Once you have found the line with "Élégant Toile de" in the records below, retype it and every line after it to the end exactly, with no pictures and nothing more.
**********
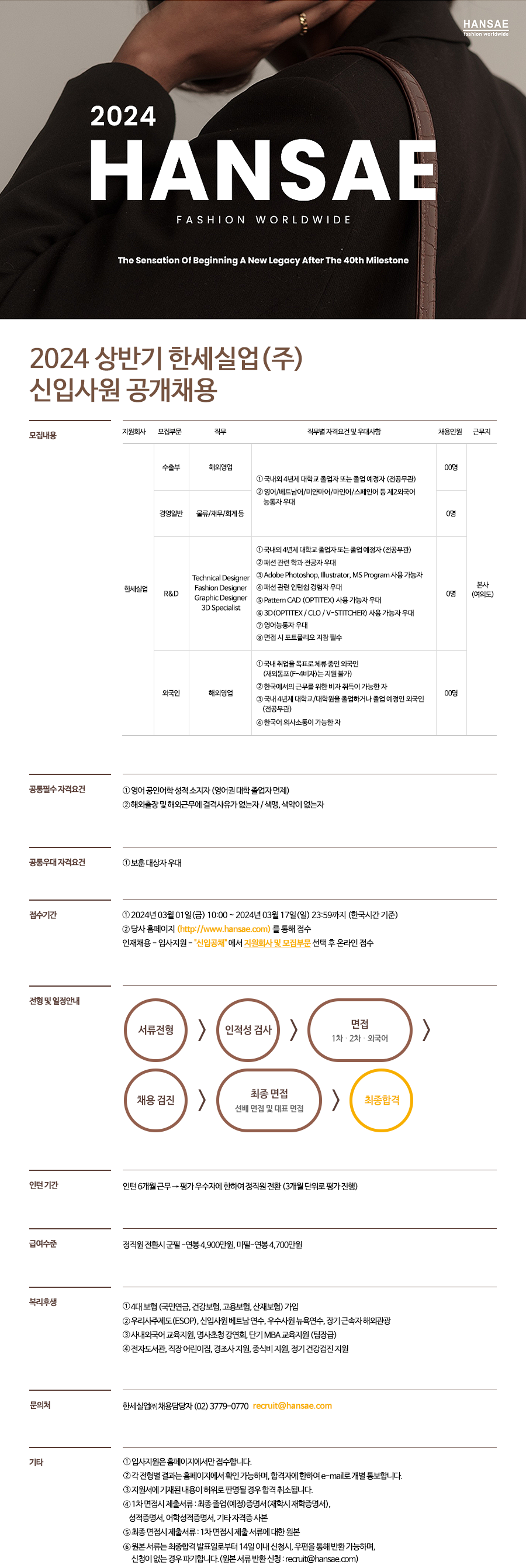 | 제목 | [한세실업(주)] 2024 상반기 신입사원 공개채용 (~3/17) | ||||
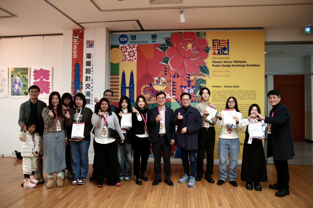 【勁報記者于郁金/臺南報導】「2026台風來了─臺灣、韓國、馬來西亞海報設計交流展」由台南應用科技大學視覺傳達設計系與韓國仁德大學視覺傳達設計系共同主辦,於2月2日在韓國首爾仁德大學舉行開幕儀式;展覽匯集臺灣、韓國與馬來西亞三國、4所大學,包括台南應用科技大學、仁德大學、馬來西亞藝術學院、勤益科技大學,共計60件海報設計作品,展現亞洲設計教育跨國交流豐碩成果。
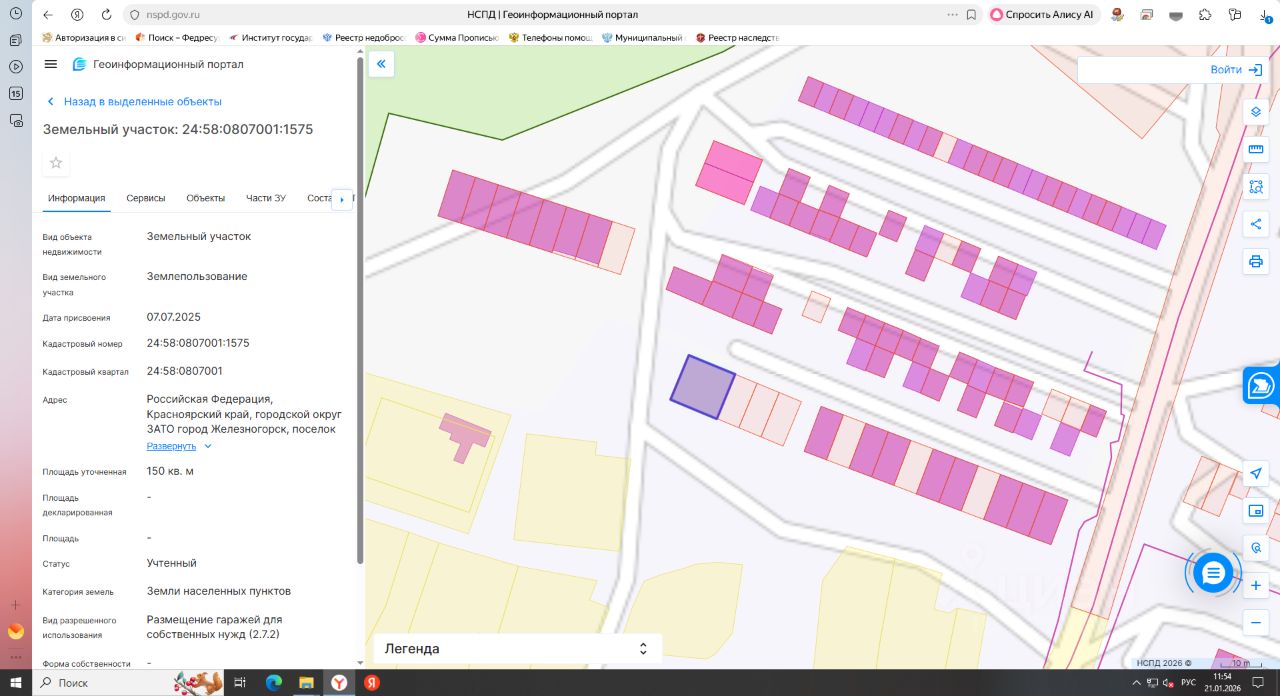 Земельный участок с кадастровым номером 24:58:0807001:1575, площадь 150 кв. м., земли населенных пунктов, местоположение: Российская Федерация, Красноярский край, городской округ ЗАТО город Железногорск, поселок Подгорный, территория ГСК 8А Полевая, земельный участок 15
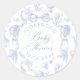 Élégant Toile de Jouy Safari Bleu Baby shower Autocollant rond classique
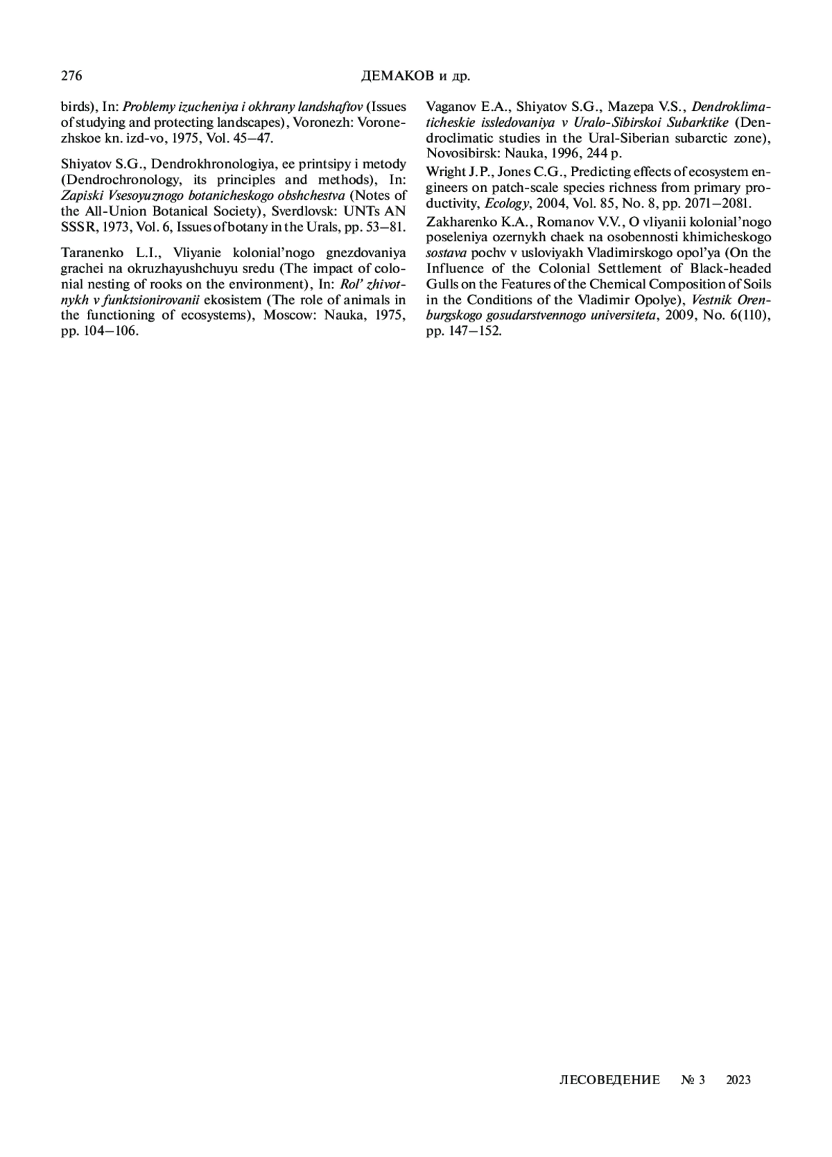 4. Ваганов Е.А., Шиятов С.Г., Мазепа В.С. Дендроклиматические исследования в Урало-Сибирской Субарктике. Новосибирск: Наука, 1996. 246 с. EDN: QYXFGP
**********
*Response to the exercise*:
 Élégant Toile de Jouy Safari Bleu Baby shower Autocollant rond classique
 4. Ваганов Е.А., Шиятов С.Г., Мазепа В.С. Дендроклиматические исследования в Урало-Сибирской Субарктике. Новосибирск: Наука, 1996. 246 с. EDN: QYXFGP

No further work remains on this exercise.